SECTION NINE. GOVERNING LAW
This Agreement shall be governed by, and construed in accordance with, the laws of the State of California. This Agreement is for the benefit of and may be enforced directly by either Party. In the event of any dispute between the parties arising out of this Agreement, the prevailing party shall be entitled to recover its attorneys fees and costs. The venue for any dispute arising or related to this Agreement shall be the Superior Court of Orange County, California. All parties hereby submit to the jurisdiction of the Superior Court of Orange County, California by signing this Agreement. Further, both Parties have been involved in the negotiation and/or drafting of this Agreement. Accordingly, this Agreement shall not be construed against any Party.

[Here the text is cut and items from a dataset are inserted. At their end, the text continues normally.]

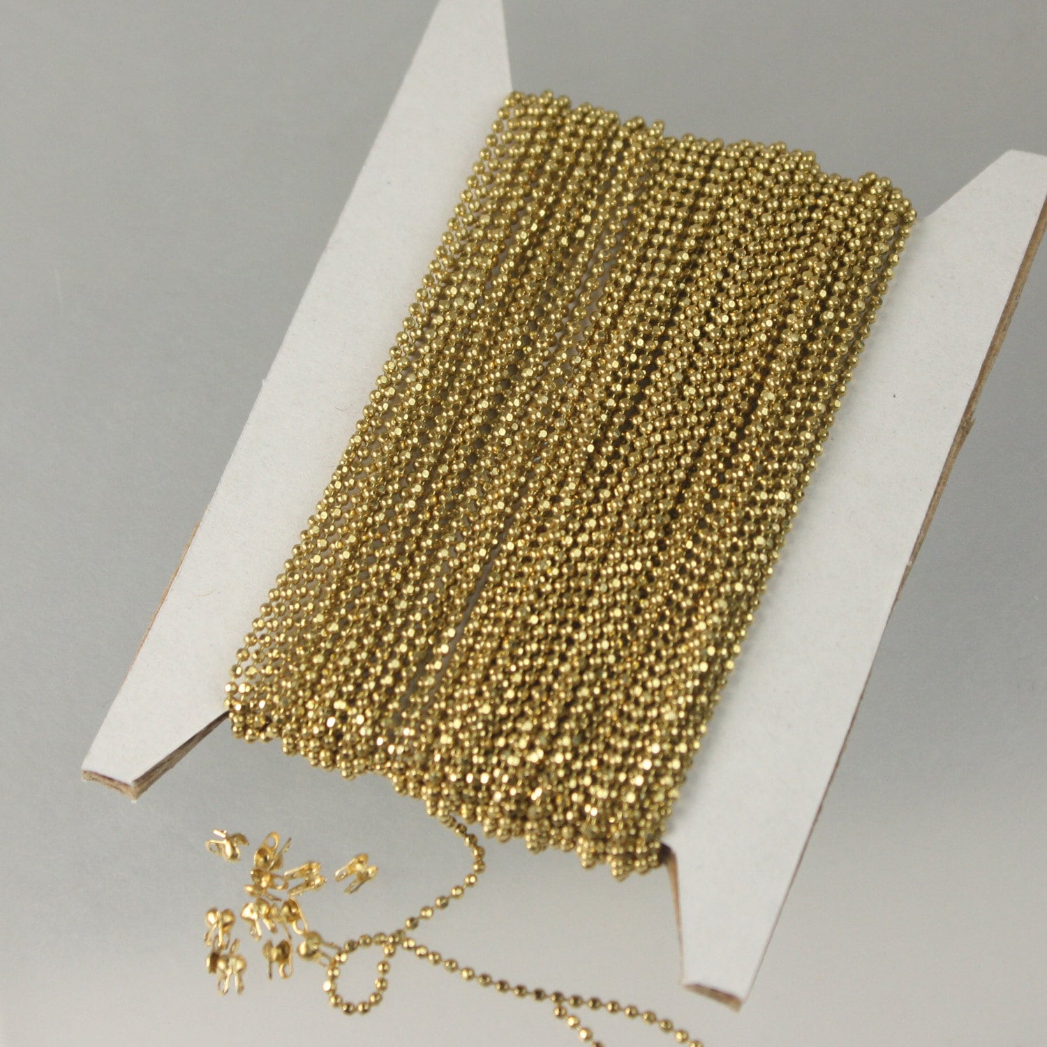 raw Brass Ball Chain Bulk, 100 ft. spool of FACET micro ball chain - 1.2mm ball w/ FREE 100 connectors (crimp) - 12DC
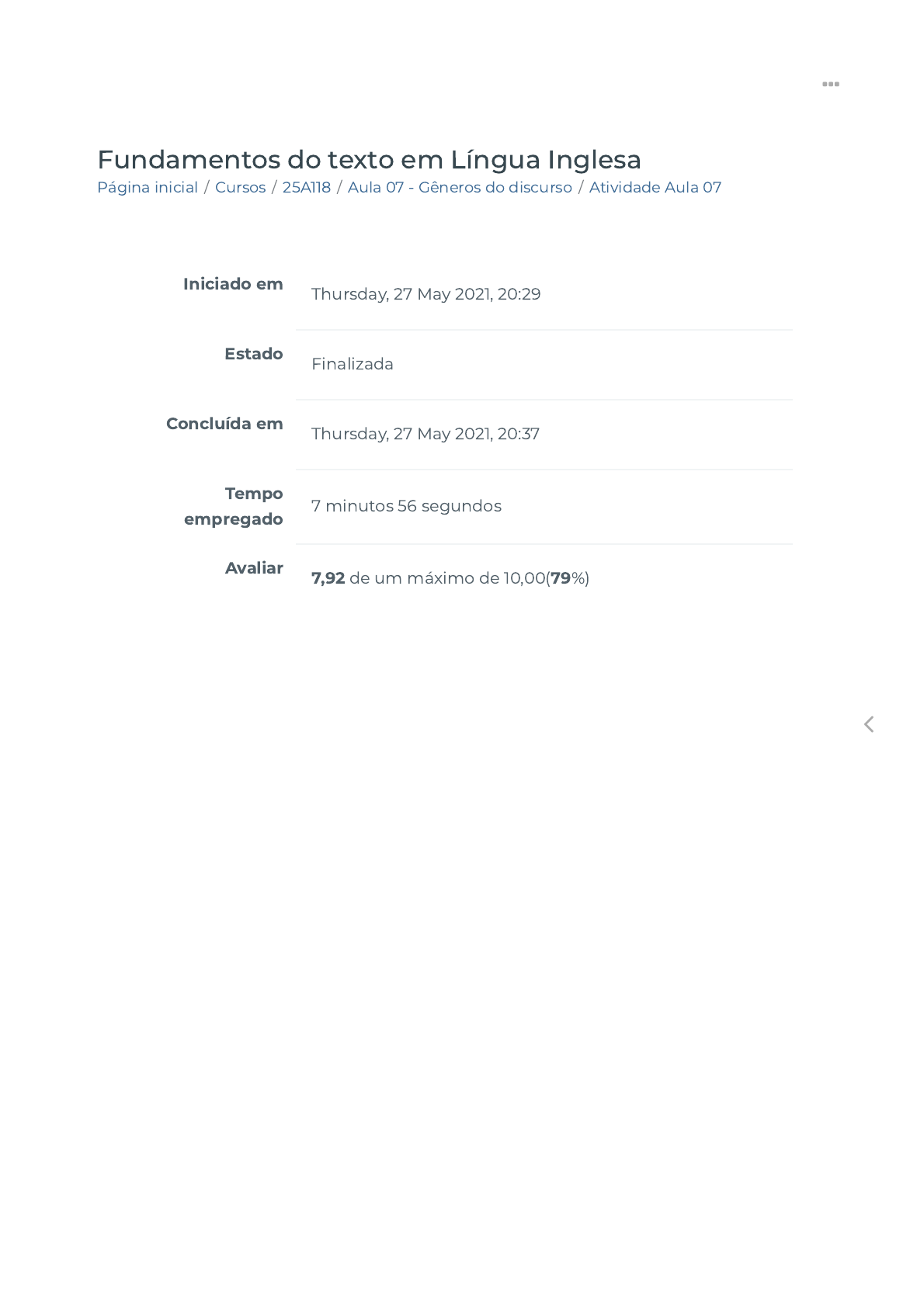 05/05/22, 10:59 Atividade Aula 07 https://ava.politecnicabr.com.br/mod/quiz/review.php?attempt=1543931 1/7 Página inicial / Cursos / 25A118 / Aula 07 - Gêneros do discurso / Atividade Aula 07 Fundamentos do texto em Língua Inglesa Iniciado em Thursday, 27 May 2021, 20:29 Estado Finalizada Concluída em Thursday, 27 May 2021, 20:37 Tempo empregado 7 minutos 56 segundos Avaliar 7,92 de um máximo de 10,00(79%) https://ava.politecnicabr.com.br/ https://ava.politecnicabr.com.br/course/index.php https://ava.politecnicabr.com.br/course/view.php?id=1127 https://ava.politecnicabr.com.br/course/view.php?id=1127#section-8 https://ava.politecnicabr.com.br/mod/quiz/view.php?id=28765 https://ava.politecnicabr.com.br/ 05/05/22, 10:59 Atividade Aula 07 https://ava.politecnicabr.com.br/mod/quiz/review.php?attempt=1543931 2/7 Questão 1 Correto Atingiu 2,00 de 2,00 Com relação ao texto Why genres matter, marque a alternativa incorreta: Escolha uma opção: a. Is there anything I should do before I start? Prerequisites b. Could you give me an example of the way this step is supposed to work? Troubleshooting c. How does this task fit into the larger process I am working on? Process diagram d. Now that I’ve done what you said to do, what’s the result? Result statement https://ava.politecnicabr.com.br/ 05/05/22, 10:59 Atividade Aula 07 https://ava.politecnicabr.com.br/mod/quiz/review.php?attempt=1543931 3/7 Questão 2 Correto Atingiu 2,00 de 2,00 Referente ao texto, assinale a alternativa correta: A genre is born as a response to an audience’s questions, needs, wishes, fantasies Writers don’t start genres, audiences do. A niche audience starts the conversation by asking a certain kind of question over and over in the same general context. For instance, newspaper editors tend to ask, “What’s the news item here? When can I release this? Who can I call for more info? ”In response, publicists came up with the generic press release, a fairly standard approach to answering those questions in a methodical way, with a heading, release date, and contact phone number. Through the ongoing virtual conversation between editors and flacks, a peculiar type of text is developed—a genre. Escolha uma opção: a. What’s the real crime here, and how will it be solved? Annual report b. How do I do x? Definition c. What can you do for my organization? Detective novel d. What is your original idea? Academic essay https://ava.politecnicabr.com.br/ 05/05/22, 10:59 Atividade Aula 07 https://ava.politecnicabr.com.br/mod/quiz/review.php?attempt=1543931 4/7 Questão 3 Parcialmente correto Atingiu 0,42 de 2,50 Combine as colunas de modo a estabelecer a organização estrutural (retórica) da resenha a seguir sobre o livro Zahir de Paulo Coelho: The narrator has had has plenty of success in his life: well attended book signings, power lunches with �lm industry people, and interviews with journalists. But it all leaves him with a sour taste in his mouth. He remembers a story by Jorge Luis Borges about a mystical coin: “A year later, I wake thinking about the story by Borges, about something which, once touched or seen, can never be forgotten, and which gradually so �lls our thoughts that we are driven to madness. My Zahir is not a romantic metaphor — a blind man, a compass, a tiger, or a coin. It has a name, and her name is Esther.” Brazilian-born writer Paulo Coelho is the author of The Alchemist and many other quest novels. He has sold an estimated 65 million books in 150 countries in 60 languages. Then Mikhail, the last person Esther was seen with, contacts the narrator and promises to take him to her. Mikhail, a young man who works with unhappily married couples, has his own spiritual perspective on love. The narrator’s struggle is that of a man as trying to come to terms with something he cannot understand or control: the mystery of Esther’s absence. It is very hard for him to let go of his feeling that she is the only one who �lls his life with meaning. The inner journey he takes opens him up to new possibilities. Coelho has not created a masterwork on the level of The Alchemist, but for those who are willing to travel lightly, there are some interesting insights here on obsessive love, the emptiness of celebrity-status success, and the courage needed to square off against the mysteries and rewards of letting go of ego and stepping into the dark unknown. 2 4 3 1 6 https://ava.politecnicabr.com.br/ 05/05/22, 10:59 Atividade Aula 07 https://ava.politecnicabr.com.br/mod/quiz/review.php?attempt=1543931 5/7 The unnamed narrator of this story is a wildly successful novelist and celebrity who lives in Paris with his wife Esther, a war correspondent who speaks four languages. Their marriage has hit a dry spot and she is restless, wanting to move on in search of her own happiness. When Esther disappears, he is tormented and traumatized by the mystery of what has happened to her. Has she been kidnapped, killed, or has she left him for another lover? Questão 4 Correto Atingiu 1,50 de 1,50 Como essas páginas iniciais de sites (home pages) se con�guram como gêneros: seu propósito comunicativo – as home pages são páginas iniciais de apresentação de sites, servindo como canal de veiculação inicial de informações; sua comunidade discursiva – o público-alvo é variado mas podemos dizer que geralmente quem acessa as páginas dessas empresas são clientes, fornecedores, investidores e funcionários em busca de alguma informação especí�ca; sua organização retórica – você deve ter percebido como essas home pages são semelhantes. O quadro abaixo compara os elementos estruturais presentes em ambas empresas. Escolha uma opção: 5 Verdadeiro Falso https://ava.politecnicabr.com.br/ 05/05/22, 10:59 Atividade Aula 07 https://ava.politecnicabr.com.br/mod/quiz/review.php?attempt=1543931 6/7 Questão 5 Correto Atingiu 2,00 de 2,00 Vamos ver como essas páginas iniciais de sites (home pages) se 
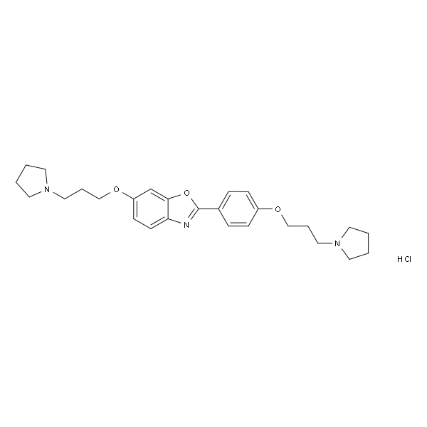 InChI=1S/C27H35N3O3.2ClH/c1-2-14-29(13-1)17-5-19-31-23-9-7-22(8-10-23)27-28-25-12-11-24(21-26(25)33-27)32-20-6-18-30-15-3-4-16-30;;/h7-12,21H,1-6,13-20H2;2*1H
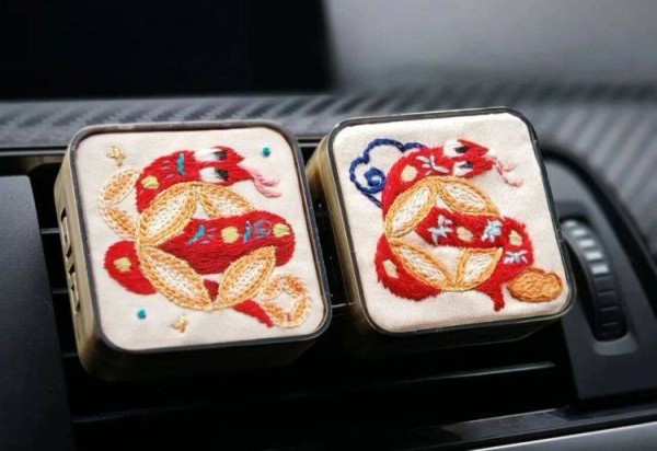 《手工刺绣车载香薰》
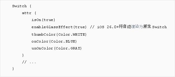 ? iOS特有組件: 對(duì) `Slider` 和 `Switch` 這類(lèi)在iOS 26上擁有全新動(dòng)態(tài)效果的控件,我們?cè)阡秩緦有略隽薸OS平臺(tái)專(zhuān)屬的組件進(jìn)行封裝,這確保了這些控件在具備液態(tài)玻璃效果的同時(shí),能夠獲得與原生完全一致的交互體驗(yàn)。在上層DSL使用上,我們封裝了平臺(tái)差異,開(kāi)發(fā)者無(wú)需修改原有組件的使用代碼,只需添加 `enableGlassEffect(true)` 屬性,即可輕松啟用。
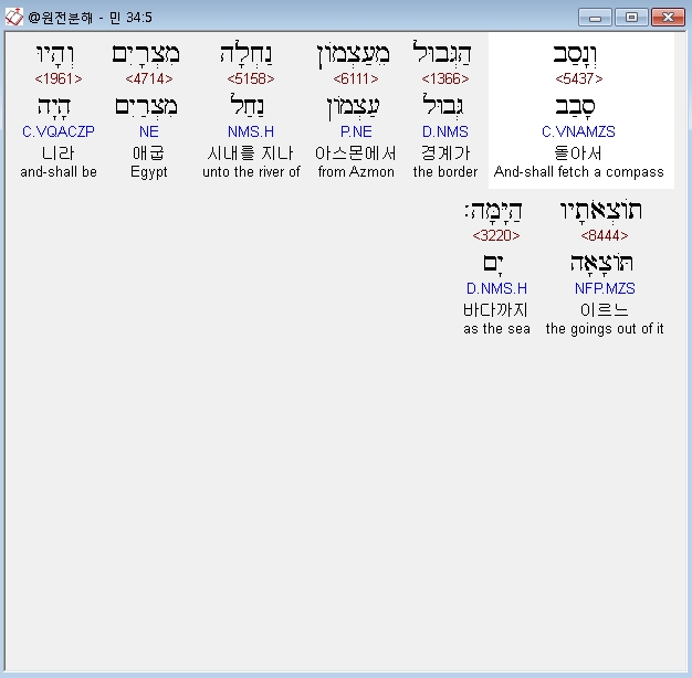 히브리어구약BHS,5 וְנָסַב הַגְּבוּל מֵעַצְמֹון נַחְלָה מִצְרָיִם וְהָיוּ תֹוצְאֹתָיו הַיָּמָּה׃

SECTION TEN. MODIFICATION OF AGREEMENT & CONFIDENTIALITY
This Agreement may not be altered, modified, or amended except in writing properly executed by the Parties. The existence of this Agreement and the terms of this Agreement shall be kept strictly confidential for the protection of Client and the protection of TIA’s Trade Secrets and Confidential Information.
SECTION ELEVEN. ENTIRE AGREEMENT
This Agreement represents the whole and entire Agreement between the parties. TIA has made no other agreements or representations, oral or written.
In witness of the above, the parties have executed this Agreement, which is to be performed in Orange County, California at Orange County, California the day and year first written above. You will agree to this agreement when clicking agree in checkout.